В тот день Гелла впервые оказалась на территории военно-воздушной базы. Моска вышел к ней за забор из колючей проволоки и провел через пропускной пункт. Гелла была в изящном костюме, сшитом из офицерского розового сукна. Он купил это сукно по карточке Энн Миддлтон в гарнизонном универмаге. Гелла надела к костюму белую шелковую блузку и белую шляпку с вуалью.
Вуаль прикрывала ее отекшую щеку. Проходя мимо охранников базы, она тесно прижалась к Моске.
При их появлении в кабинете управления гражданского персонала Инге вышла из-за своего стола. Пожав друг другу руки, девушки познакомились. Герр Топп, старший клерк, принес из приемной бумаги на подпись Эдди Кэссину. Он был сама любезность.
– У нас на базе есть замечательный дантист, все американские дантисты блестящие специалисты, – уверял герр Топп Геллу.
– Ты точно обговорил это с капитаном Эдлоком? – допытывался Моска у Эдди.
Эдди кивнул и ласково спросил у Геллы:
– Ну, как ты себя чувствуешь?
– Немного болит, – сказала Гелла. Она почувствовала власть Эдди и Моски над немцами – и герр Топп, и Инге держались с ними почтительно: здесь распределение ролей между победителями и побежденными было четким, невзирая на половые или должностные различия. Она немного оробела перед Эдди и даже перед Моской и сказала Эдди, словно оправдываясь:
– Немецкие врачи ничем не могли мне помочь.
– У нас есть лекарства, которые они не могут достать, – самодовольно сказал Эдди. – Капитан Эдлок сделает все как надо. Ну, можете идти.

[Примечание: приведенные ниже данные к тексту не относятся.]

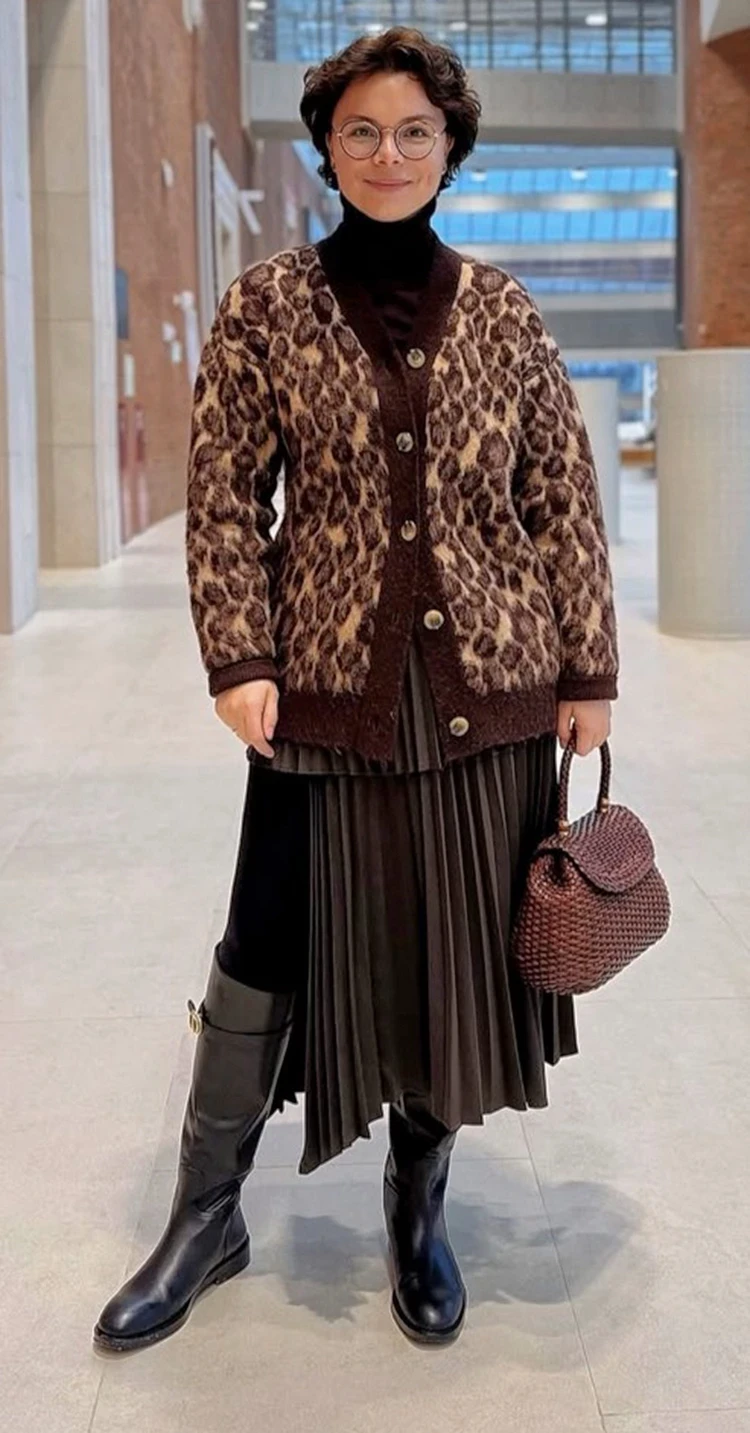 Мне очень нравится коричневая ассиметричная юбка-плиссе у Татьяны. Но вот леопардовый кардиган, который закрывает всю красоту юбки, здесь совсем не в тему. Его нужно снять и оставить одну водолазку. Плюс, добавить крупные золотистые серьги. Так мы получим актуальный интересный образ.

Моска и Гелла вышли из здания управления гражданского персонала. Немцы-клерки в приемной оторвались от своих бумажек и с любопытством стали разглядывать ее, отметив про себя, что этот уродливый американец с грубыми замашками и свирепым лицом выбрал себе очень миленькую девушку – высокую, худенькую, которая была полной противоположностью той, кого они рисовали в своем воображении.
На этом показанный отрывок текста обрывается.